- WHAT THIS TASK INVOLVES -
Retype, with no pictures, each line from the one that holds "四川康藏路橋有限責(zé)任" through the last line of the entries below, both included.

(Recorded data)

• • •

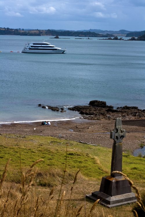 This image is from the shore looking towards our boat and Kerikeri in the distance behind the hills. The cross is a memorial to Samuel Marsden – a missionary who preached the first sermon in NZ – on this beach at Rangihoua Bay on Christmas Day 1814. It is the site of a missionary settlement where the first pakeha child was born in New Zealand
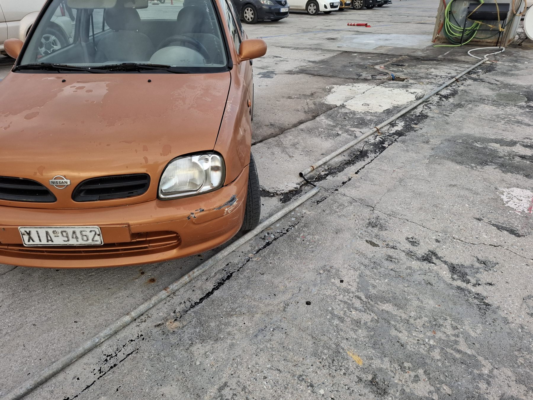 Αυτή η "διαστημική" κατασκευή, τεμπόζιτα, καύσιμα κ.λπ. βρίσκονται στον περιβάλλοντα χώρο του Λιμεναρχείου, χωρίς κατ' ανάγκην να ανοίκουν σε αυτό, κι' ας μην μπούμε σε άλλες λεπτομέρειες, μιας και εμάς μας νοιάζει κυρίως το εικονιζόμενο έρπον καλώδιο, πιθανότατα ρεύματος, που κυλάει στο τσιμέντο χύμα και που ανά πάσα στιγμή κινδυνεύει να κοπεί.
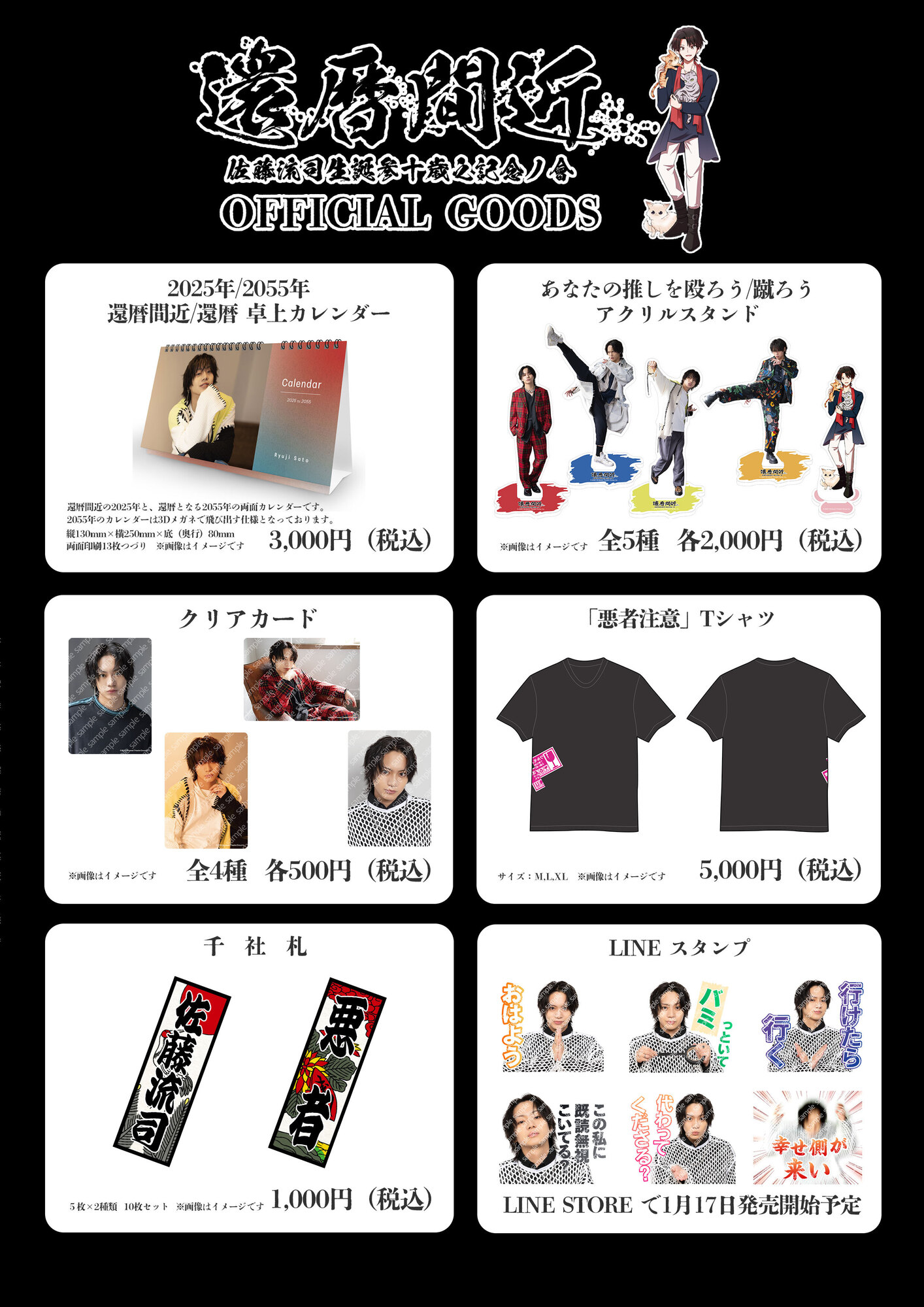佐藤流司バースデーイベント『還暦間近 佐藤流司生誕参十歳之記念ノ會』販売グッズラインナップ公開!佐藤流司OFFICIAL SITE。
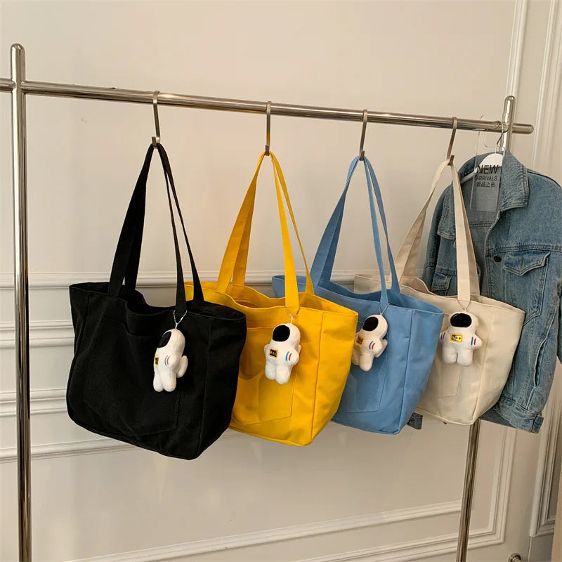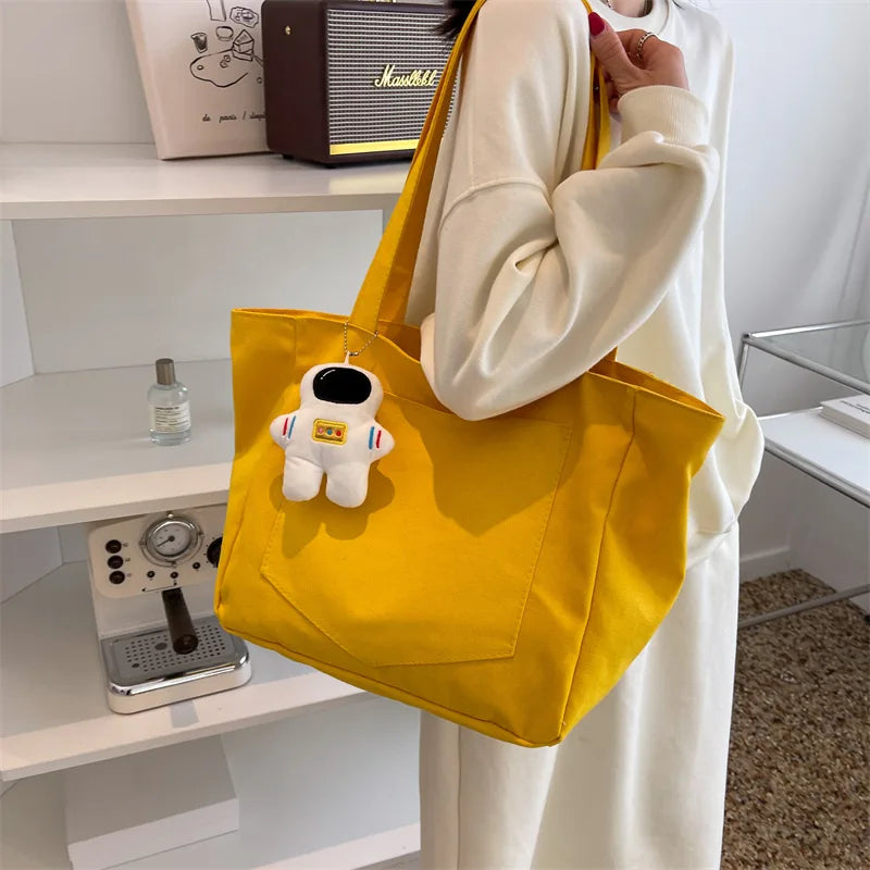 Women Canvas Shoulder Bag Solid Handbag Large Capacity Shopping Bag Zipper Tote
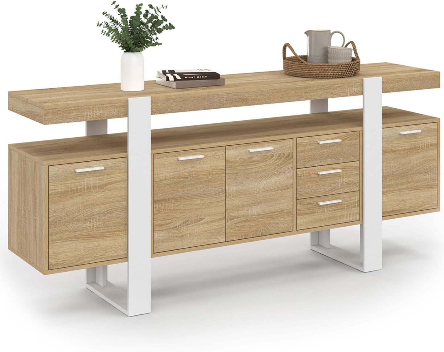 IDMarket - Buffet 180 cm Phoenix XXL 4 Portes avec 3 tiroirs Bois et Blanc
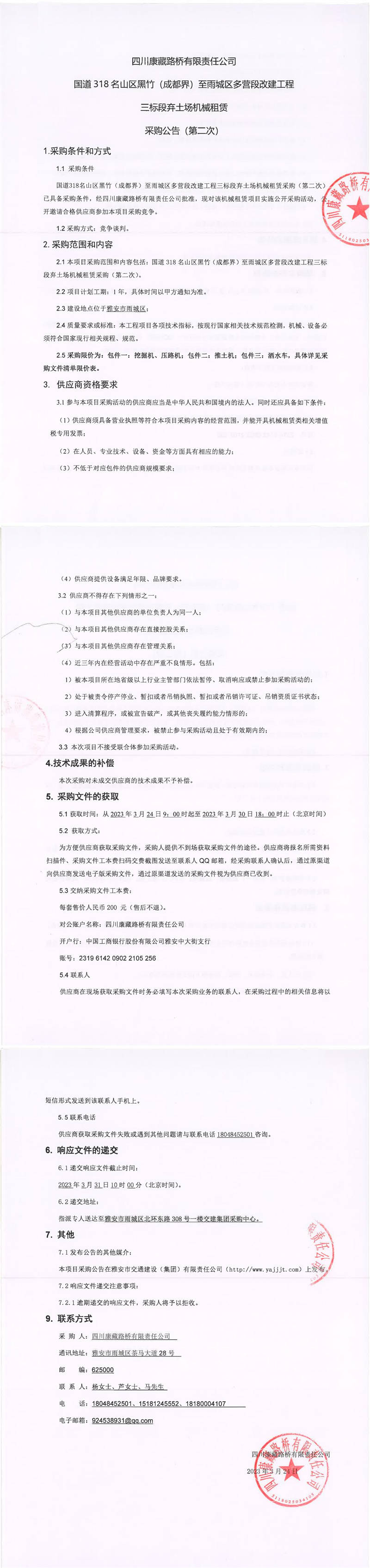 四川康藏路橋有限責(zé)任公司國道318名山區(qū)黑竹(成都界)至雨城區(qū)多營段改建工程三標(biāo)段棄土場機械租賃采購公告(第二次)
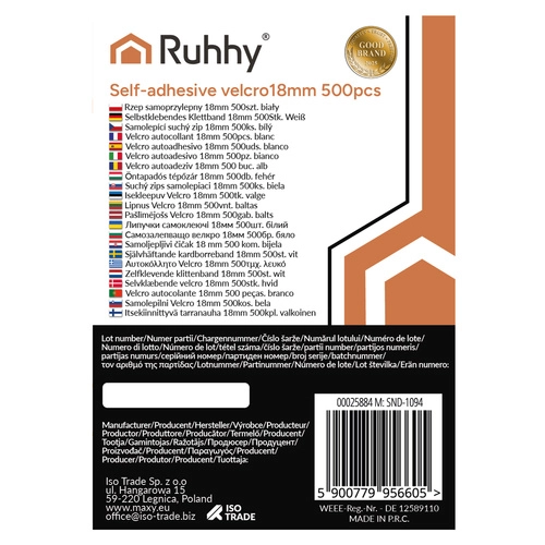 The Ruhhy Velcro includes two parts: hook and loop, which allow for a strong and repeated connection. Thanks to the self-adhesive layer, installation is quick and suitable for various surfaces from plastic to glass.
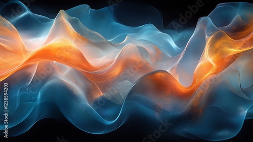 © heinng, Obraz premium Abstract swirling blue orange light energy flows dynamically. AI Generated
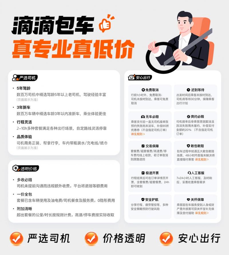 为了给用户提供用户安全、可靠的服务,滴滴包车严选3年内准新车、5年以上驾龄且服务好的专业司机,并在行程前、中、后全程提供多重服务保障。所有计费规则公开、清晰、透明,对于超时长费、超公里费也在App里明确标注,杜绝隐形费用。所有行程中也无隐形消费,出行更放心。

• • •

- PROBLEM SOLUTION -
 四川康藏路橋有限責(zé)任公司國道318名山區(qū)黑竹(成都界)至雨城區(qū)多營段改建工程三標(biāo)段棄土場機械租賃采購公告(第二次)
 The Ruhhy Velcro includes two parts: hook and loop, which allow for a strong and repeated connection. Thanks to the self-adhesive layer, installation is quick and suitable for various surfaces from plastic to glass.
 © heinng, Obraz premium Abstract swirling blue orange light energy flows dynamically. AI Generated
 为了给用户提供用户安全、可靠的服务,滴滴包车严选3年内准新车、5年以上驾龄且服务好的专业司机,并在行程前、中、后全程提供多重服务保障。所有计费规则公开、清晰、透明,对于超时长费、超公里费也在App里明确标注,杜绝隐形费用。所有行程中也无隐形消费,出行更放心。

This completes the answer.